Infatti, patriota convinto, durante gli Anni ‘80, quando ancora era uno studente, fece parte di un piccolo gruppo d’azione nazionalista.
All’epoca, l’opposizione alla sinistra era la motivazione principale, e le zuffe con gli studenti d’estrema-sinistra erano l’essenza dell’azione militante, insieme alla lettura di autori nazionalisti. Ciò che lo portò a non abbandonare il suo credo alla fine degli studi, al contrario di numerosi tra i suoi camerati, fu l’idea di entrare in una formazione politica più “seria” .
La sua esperienza come militante e il suo livello politico lo portarono rapidamente ad avere grandi responsabilità all’interno di un’organizzazione politica, che pero’ al tempo era ancora marginale.
Fu forse a causa dei poveri risultati, che John si allontanò dalla politica, o forse a causa dell’incontro con la sua futura moglie, a cui lui non nascose nulla e la quale si premurò da subito di avvisarlo che la politica non l’avrebbe portato lontano e che, anzi, sarebbe probabilmente stata deleteria per la sua vita e il suo lavoro.

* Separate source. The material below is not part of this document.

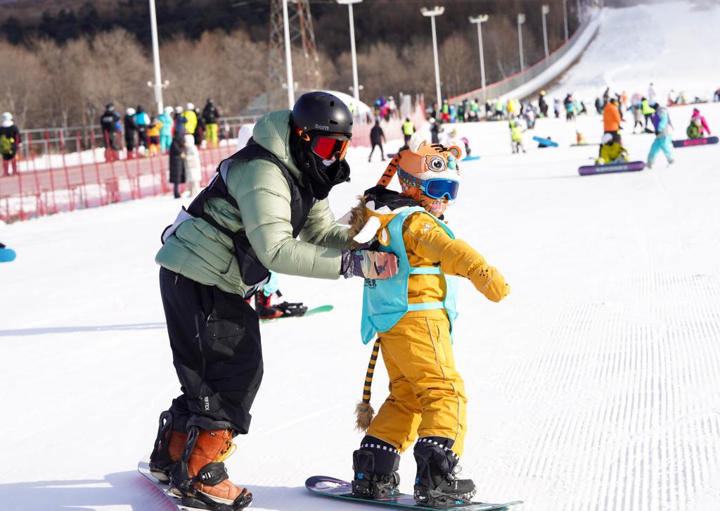 来自吉林市松江东路小学的学生潘十安第一次体验滑雪。刚摔了一跤,他便迅速爬起,眼神里带着不服输的坚定。“我之前不敢滑,但看到大家都在滑,心里突然有了勇气,也想和他们一起滑。”很快,他像朋友们一样爱上了这项运动,并和父母约定要多来练习,挑战更长的雪道。

Alla nascita del loro primo figlio, egli abbandono’ definitivamente la politica: era sempre fedele alle sue idee, ma non voleva mettere in pericolo i suoi cari.
E poi, il lavoro gli prendeva molto tempo: doveva incessantemente lottare per avere un posto migliore, una situazione sociale migliore, non tanto per sé quanto per la sua famiglia. Presto, non fu più militante, del tutto.
Teneva certamente d’occhio l’attualità politica, in particolare la crescita di quello che era stato il suo partito. Ma lui aveva deciso: la sua famiglia ed il suo mestiere prima di tutto.
Questa scelta non gli era di peso comunque, anche se certe mattine, sulla banchina della metro, i comportamenti di certe gang “multirazziali” tenevano vive le sue idee nazionaliste.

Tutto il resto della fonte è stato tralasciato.